State update with generated response

Return type:

Dict[str, Any]

static classify_error(exc, context)[source]#

Response generation error classification.

__init__()#

Initialize the capability and validate required components.

Performs comprehensive validation of the capability class to ensure all required components are properly defined. This validation happens at initialization time to provide immediate feedback during development rather than waiting for runtime execution failures.

The validation process checks: 1. Required class attributes (name, description) are defined and non-None 2. The execute method is implemented as a static method 3. Optional attributes are properly initialized with defaults if missing

Raises:
  • NotImplementedError – If name or description class attributes are missing

  • NotImplementedError – If execute static method is not implemented

Note

This initialization performs validation only. The actual LangGraph integration happens through the @capability_node decorator.

Warning

Subclasses should not override this method unless they need additional validation. Override _create_orchestrator_guide() or _create_classifier_guide() for customization instead.

__repr__()#

Return a string representation of the capability.

Returns:

String representation including class name and capability name

Return type:

str

property classifier_guide: Any | None#

Get the classifier guide for this capability (lazy-loaded).
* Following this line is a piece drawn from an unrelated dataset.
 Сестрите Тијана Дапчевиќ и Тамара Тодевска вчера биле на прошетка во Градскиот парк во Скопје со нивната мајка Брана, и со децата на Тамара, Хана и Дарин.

Standardized interface used by the framework. Automatically calls _create_classifier_guide() on first access and caches the result.

Returns:

Classifier guide for capability activation, or None if not needed

Return type:

Optional[TaskClassifierGuide]

static get_retry_policy()#

Get retry policy configuration for failure recovery strategies.

This method provides retry configuration that the framework uses for manual retry handling when capabilities fail with RETRIABLE errors. The default policy provides reasonable defaults for most capabilities, but should be overridden for capabilities with specific timing or retry requirements.

The retry policy controls: - Maximum number of retry attempts before giving up - Initial delay between retry attempts - Backoff factor for exponential delay increase

Returns:

Dictionary containing retry configuration parameters

Return type:

Dict[str, Any]

Note

The framework uses manual retry handling rather than LangGraph’s native retry policies to ensure consistent behavior across all components and to enable sophisticated error classification.

Examples

Aggressive retry for network-dependent capability:

@staticmethod
def get_retry_policy() -> Dict[str, Any]:
    return {
        "max_attempts": 5,      # More attempts for network issues
        "delay_seconds": 2.0,   # Longer delay for external services
        "backoff_factor": 2.0   # Exponential backoff
    }

Conservative retry for expensive operations:

@staticmethod
def get_retry_policy() -> Dict[str, Any]:
    return {
        "max_attempts": 2,      # Minimal retries for expensive ops
        "delay_seconds": 0.1,   # Quick retry for transient issues
        "backoff_factor": 1.0   # No backoff for fast operations
    }

See also

classify_error() : Error classification that determines when to retry ErrorSeverity : RETRIABLE severity triggers retry policy usage

async langgraph_node(**kwargs)#

LangGraph-native node function with manual retry handling via router.

Return type:

Dict[str, Any]

property orchestrator_guide: Any | None#

Get the orchestrator guide for this capability (lazy-loaded).

Standardized interface used by the framework. Automatically calls _create_orchestrator_guide() on first access and caches the result.

Returns:

Orchestrator guide for execution planning integration, or None if not needed

Return type:

Optional[OrchestratorGuide]

class framework.infrastructure.respond_node.ResponseContext(current_task, execution_history, relevant_context, is_killed, kill_reason, capabilities_overview, total_steps_executed, execution_start_time, reclassification_count, current_date)[source]#

Bases: object

Container for all information needed for response generation.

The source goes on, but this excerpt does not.